Chetan Bhagat's Revolution 2020 captures some of the ironies of the process: the race to Kota, the Mecca of all training institutes; the money spinning machines of coaching exploiting the vulnerabilities of the dreamers, the poignancy of those who fail to excel, despite heart breaking ambition and labour.
And underneath all this the harsh reality -- the fear of the future and the pressure of numbers. From the basic fact 'that there are too many of us' an entire narrative emerges: the agony to find good pre-schools, schools, choice of subjects, right colleges, careers and so on. A harsh and unrelenting race till you make it.
There are other more theoretical or esoteric doubts that are legitimately raised about our system. The rote learning that the fierce competition induces, the automaticity of choice of medicine/engineering for the majority of the middle class students, negation of creative or innovative thinking, the mind numbing rigour in preparations, the label of success or failure that hangs over the teenage years killing a sense of fun or adventure.
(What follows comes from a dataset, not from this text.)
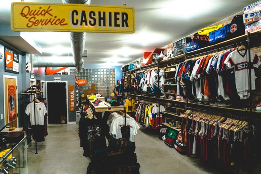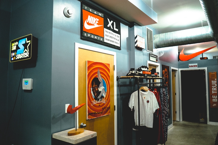 步入芝加哥的 Boneyard Chicago 店中,浓浓的复古气息扑面而来。店中的陈列装潢均以八、九十年代风格呈现。门上挂有《空中大灌篮》的元年海报,以及现已改头换面的锐步羚羊标志。元年的球衣与球鞋更是让人大呼过瘾,每个细小的环节都有可能唤起曾经你刚刚接触球鞋的那份懵懂记忆。

All these may be true, but if you are a parent or a student, it is difficult to avoid the reality of looming unemployment or the peer pressure of trying. Hence it all comes back to the pressure of numbers.
But to revert to the positive again: if this is the reality and if these are still the standard perceptions of education and employment, then despite the message of 3 Idiots or Revolution 2020, we will continue to value the IIT or the IAS.
Should we not count our blessings then, that notwithstanding the larger social and pedagogic questions, we have at least a fair system of choosing or eliminating? What else can we do?